_ASSIGNED TASK:_ Below are entries; copy exactly the lines from the one with "Рис. 6. Кольцевые" through the one with "通過(guò)一個(gè)冬", both included, and leave out the rest.

_RAW DATA:_
________________________
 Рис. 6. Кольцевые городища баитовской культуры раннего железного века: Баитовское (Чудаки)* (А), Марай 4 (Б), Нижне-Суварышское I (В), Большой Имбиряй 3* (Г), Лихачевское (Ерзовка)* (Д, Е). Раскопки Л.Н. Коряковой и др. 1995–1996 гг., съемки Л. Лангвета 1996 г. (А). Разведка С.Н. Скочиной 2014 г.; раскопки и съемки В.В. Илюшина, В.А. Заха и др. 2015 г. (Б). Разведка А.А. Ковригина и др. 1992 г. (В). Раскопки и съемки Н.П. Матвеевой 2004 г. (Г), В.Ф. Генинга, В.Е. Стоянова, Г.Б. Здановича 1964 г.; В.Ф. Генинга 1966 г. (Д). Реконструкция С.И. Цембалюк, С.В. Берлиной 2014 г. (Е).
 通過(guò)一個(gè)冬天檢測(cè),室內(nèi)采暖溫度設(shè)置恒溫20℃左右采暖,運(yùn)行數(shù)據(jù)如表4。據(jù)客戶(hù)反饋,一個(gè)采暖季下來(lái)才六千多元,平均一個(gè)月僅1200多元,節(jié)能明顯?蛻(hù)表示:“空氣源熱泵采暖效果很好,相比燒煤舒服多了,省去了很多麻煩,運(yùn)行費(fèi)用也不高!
________________________
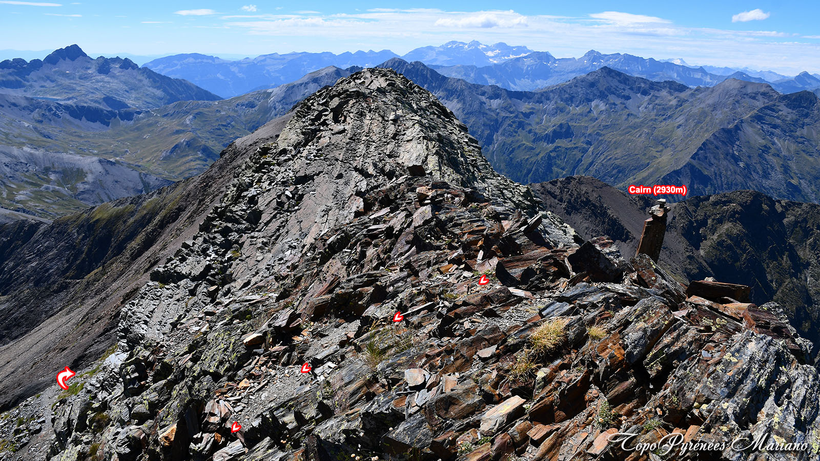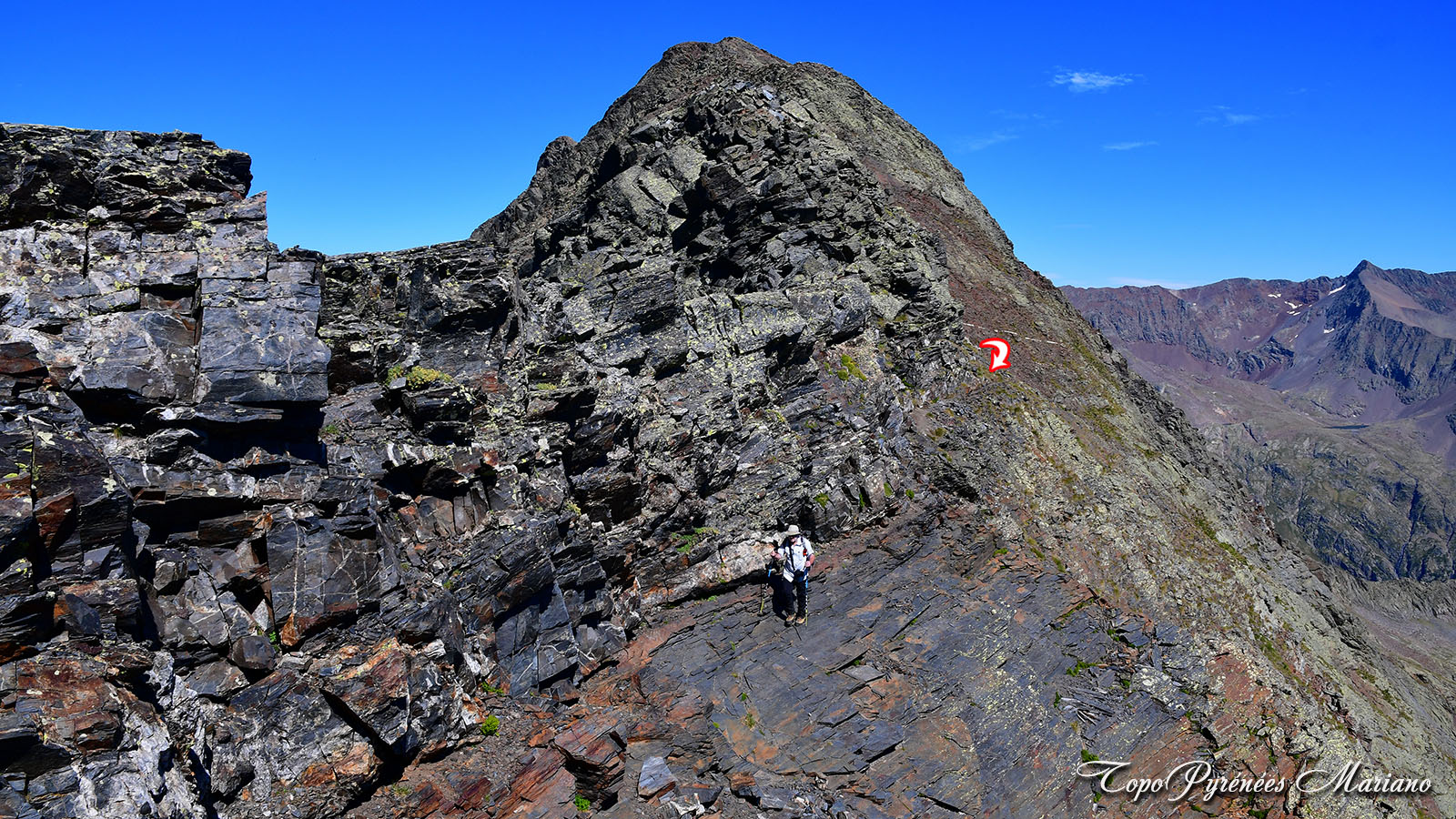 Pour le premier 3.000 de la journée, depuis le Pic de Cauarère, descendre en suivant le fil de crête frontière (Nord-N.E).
________________________
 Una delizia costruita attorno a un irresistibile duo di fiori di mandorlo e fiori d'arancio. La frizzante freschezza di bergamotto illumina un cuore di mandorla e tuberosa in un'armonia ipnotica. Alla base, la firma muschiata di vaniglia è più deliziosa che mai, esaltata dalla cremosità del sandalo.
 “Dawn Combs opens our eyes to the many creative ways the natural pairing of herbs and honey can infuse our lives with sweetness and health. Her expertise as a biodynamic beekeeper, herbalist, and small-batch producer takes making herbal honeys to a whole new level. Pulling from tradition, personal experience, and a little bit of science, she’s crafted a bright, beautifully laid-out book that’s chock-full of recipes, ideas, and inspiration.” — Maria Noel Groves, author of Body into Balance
________________________
_RESULT FOR THIS EXERCISE:_
 Рис. 6. Кольцевые городища баитовской культуры раннего железного века: Баитовское (Чудаки)* (А), Марай 4 (Б), Нижне-Суварышское I (В), Большой Имбиряй 3* (Г), Лихачевское (Ерзовка)* (Д, Е). Раскопки Л.Н. Коряковой и др. 1995–1996 гг., съемки Л. Лангвета 1996 г. (А). Разведка С.Н. Скочиной 2014 г.; раскопки и съемки В.В. Илюшина, В.А. Заха и др. 2015 г. (Б). Разведка А.А. Ковригина и др. 1992 г. (В). Раскопки и съемки Н.П. Матвеевой 2004 г. (Г), В.Ф. Генинга, В.Е. Стоянова, Г.Б. Здановича 1964 г.; В.Ф. Генинга 1966 г. (Д). Реконструкция С.И. Цембалюк, С.В. Берлиной 2014 г. (Е).
 通過(guò)一個(gè)冬天檢測(cè),室內(nèi)采暖溫度設(shè)置恒溫20℃左右采暖,運(yùn)行數(shù)據(jù)如表4。據(jù)客戶(hù)反饋,一個(gè)采暖季下來(lái)才六千多元,平均一個(gè)月僅1200多元,節(jié)能明顯?蛻(hù)表示:“空氣源熱泵采暖效果很好,相比燒煤舒服多了,省去了很多麻煩,運(yùn)行費(fèi)用也不高!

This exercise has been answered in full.